In ReadAsync, after reading the 4-byte frame header, the code was assigning _readBufferCount = readBytes (the announced frame size) before actually reading the body:

_readBufferCount = readBytes;   // <-- premature
_readBufferOffset = 0;
if (readBytes > _readBuffer.Length)
{
    _readBuffer = new byte[readBytes];
}
await ReadAllAsync(InnerStream, ..., allowZeroRead: false, ...);  // may throw

If ReadAllAsync threw (e.g. the peer closed the connection mid-frame), _readBufferCount was left non-zero, pointing at a freshly-allocated zero-filled buffer. NegotiateStream does not set any sticky failure flag, so a subsequent Read call would hit the cached-buffer branch (if (_readBufferCount != 0)) and silently return up to readBytes bytes of zeros — the caller has no way to tell the difference between a graceful zero-byte payload and a corrupted stream.

Fix

• Defer the assignment of _readBufferOffset/_readBufferCount until after decryption succeeds.
• As a defensive secondary fix, refactor the decryption block to use locals (decryptedOffset/decryptedCount) and only commit them to the fields after the success check.

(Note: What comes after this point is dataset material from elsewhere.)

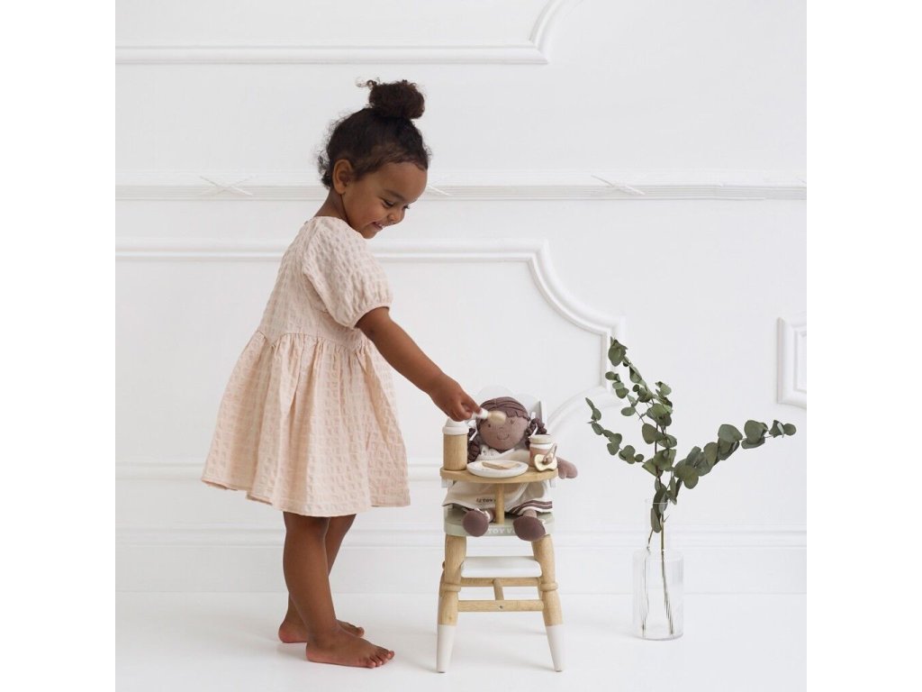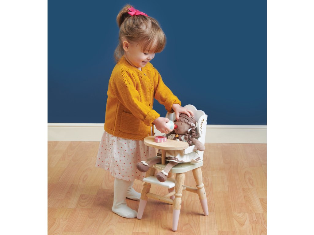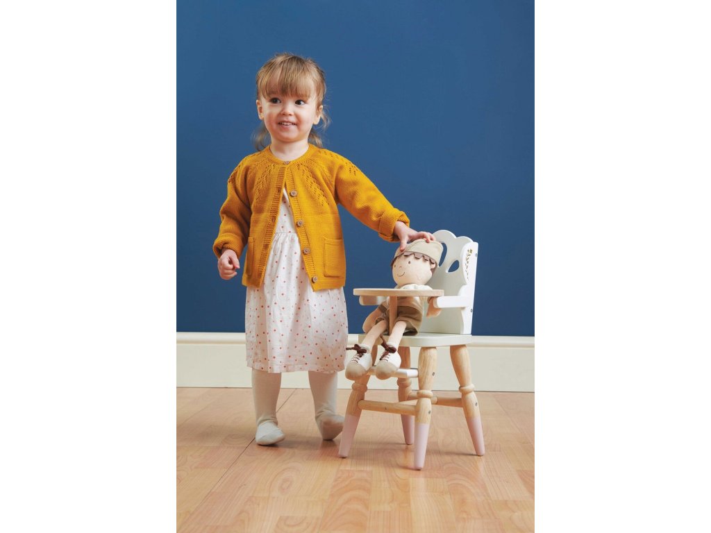 Krásná dřevěná židlička je perfektní pro hru na role! Vhodná pro plyšáky a panenky ve velikosti asi 35 cm, mladé maminky a tatínky inspiruje k představivé hře.Je vyrobena z odolného a udržitelného kaučukového dřeva, nenajdete zde žádný plast, opravdová eko zábava!Židlička má mnoho detailů, ozdobné nohy, designové výřezy v opěrce, zlaté květinové zdobení. Mezi její praktické vybavení patří opěrka na nohy a podnos. Opravdu realistická jídelní židle pro hladové hračky. K židličce se krásně hodí postýlka Sleigh a kočárek Sweet Dreams, které najdete v záložce „příslušenství“. Hračky s účelemVšechny hračky firmy Le Toy Van jsou vyrobeny s cílem – aby dlouho vydržely. Designovány s láskou zkušenými řemeslníky za použití etických praktik a udržitelných materiálů, které jsou laskavější k naší planetě. Hlavní vlastnosti: židlička pro panenkyvhodné pro hračky ve velikosti 30-35 cmvyrobeno eticky z udržitelného dřevaneobsahuje plasttestováno dle nejpřísnějších standardůmalováno netoxickými barvami na bázi vodyinspiruje k představivé hřeasistuje v rozvoji sociálních dovedností a řečipo rozbalení nutno složit dle návodu Ocenění hračky:Good Toy Guide Recommended Honeybake kolekce: Hračky v této kolekci jsou vhodné k objevování, pomohou dětem s rozvojem představivosti, sociálních a verbálních dovedností a kognitivních funkcí. Tradiční design s moderními detaily děti jistě bude bavit. Honeybake je kolekce Le Toy Van, která vyhrála nejvíce ocenění, a to za design, kvalitu, bezpečnost a také za vzdělávací a herní hodnotu.

UnwrapInPlace writes its out-params even on failure, and the original code threw without resetting them.

Test

Added NegotiateStream_StreamToStream_ReadFailsMidFrame_DoesNotReturnStaleBufferOnNextRead to the abstract NegotiateStreamStreamToStreamTest class so all concrete variants (Async_Array, Async_Memory, Async_Memory_NotEncrypted, BeginEnd, Sync, Sync_NotEncrypted) exercise it. The test:

1. Authenticates an NTLM-loopback NegotiateStream pair.
2. Writes a fake 4-byte header (frame size 100) directly to the inner server stream, then disposes the server.
3. The first client read sees the header and tries to read the body, which EOFs → expects IOException.
4. The second client read must return 0 (EOF) — the test asserts that the call does not return 100 stale bytes.

Verified the test fails without the fix (Expected: 0, Actual: 100) and passes with it.

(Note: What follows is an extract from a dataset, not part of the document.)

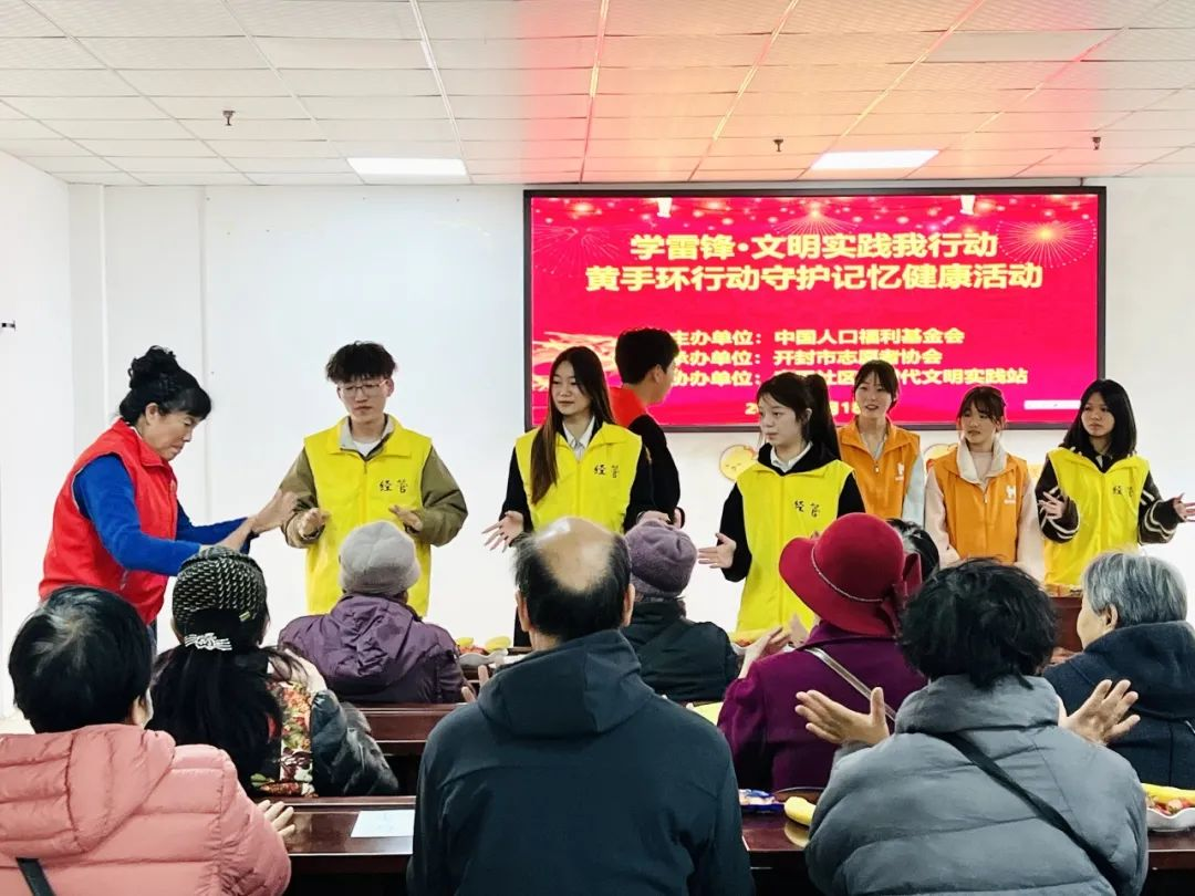 为进一步弘扬新时代雷锋精神和志愿服务新风,帮助老年朋友预防阿尔兹海默症,让青春在“情暖助老事业”中绽放绚丽色彩,3月18日下午,jinnianhui今年会团总支书记李天泽带队青年志愿者前往开封市康平社区开展“学雷锋 我行动”暖心助老活动。本次活动由中国人口福利基金会主办,开封市志愿者协会承办。

Test is Windows-only (matches the rest of the class), as NTLM loopback works there without explicit credentials/SPNs.

Note

This PR description was drafted by GitHub Copilot.

[dotnet-policy-service]

Tagging subscribers to this area: @dotnet/ncl, @bartonjs, @vcsjones
See info in area-owners.md if you want to be subscribed.

[Copilot]

Pull request overview

This PR fixes a NegotiateStream read-path state bug where an exception during the framed-body read/decrypt could leave internal buffer state inconsistent, allowing subsequent reads to return stale/undecrypted data rather than properly surfacing EOF/error.

Changes:

• Delay committing _readBufferOffset / _readBufferCount until after the framed body is fully read and successfully decrypted.
• Refactor the decrypt/unwrap block to use local decryptedOffset / decryptedCount and only publish them to fields on success.
• Add a functional regression test that forces an EOF mid-frame and verifies the next read doesn’t return stale buffered bytes.

Reviewed changes

Copilot reviewed 2 out of 2 changed files in this pull request and generated 1 comment.

File	Description
src/libraries/System.Net.Security/src/System/Net/Security/NegotiateStream.cs	Defers internal read-buffer state updates until the read+decrypt succeeds to avoid stale-buffer reads after failures.
src/libraries/System.Net.Security/tests/FunctionalTests/NegotiateStreamStreamToStreamTest.cs	Adds a regression test covering mid-frame EOF to ensure subsequent reads don’t return stale data.

[Copilot]

Pull request overview

Copilot reviewed 2 out of 2 changed files in this pull request and generated 2 comments.

[Copilot]

Pull request overview

Copilot reviewed 2 out of 2 changed files in this pull request and generated no new comments.

[wfurt]

If ReadAllAsync threw (e.g. the peer closed the connection mid-frame), _readBufferCount was left non-zero, pointing at a freshly-allocated zero-filled buffer. NegotiateStream does not set any sticky failure flag, so a subsequent Read call would hit the cached-buffer branch

would we ever go back after throwing? For negotiate and SslStream I would feel the state would be undefined after throwing. And if for example peer closes the socket I see no point of ever trying again.

[rzikm]

would we ever go back after throwing? For negotiate and SslStream I would feel the state would be undefined after throwing. And if for example peer closes the socket I see no point of ever trying again.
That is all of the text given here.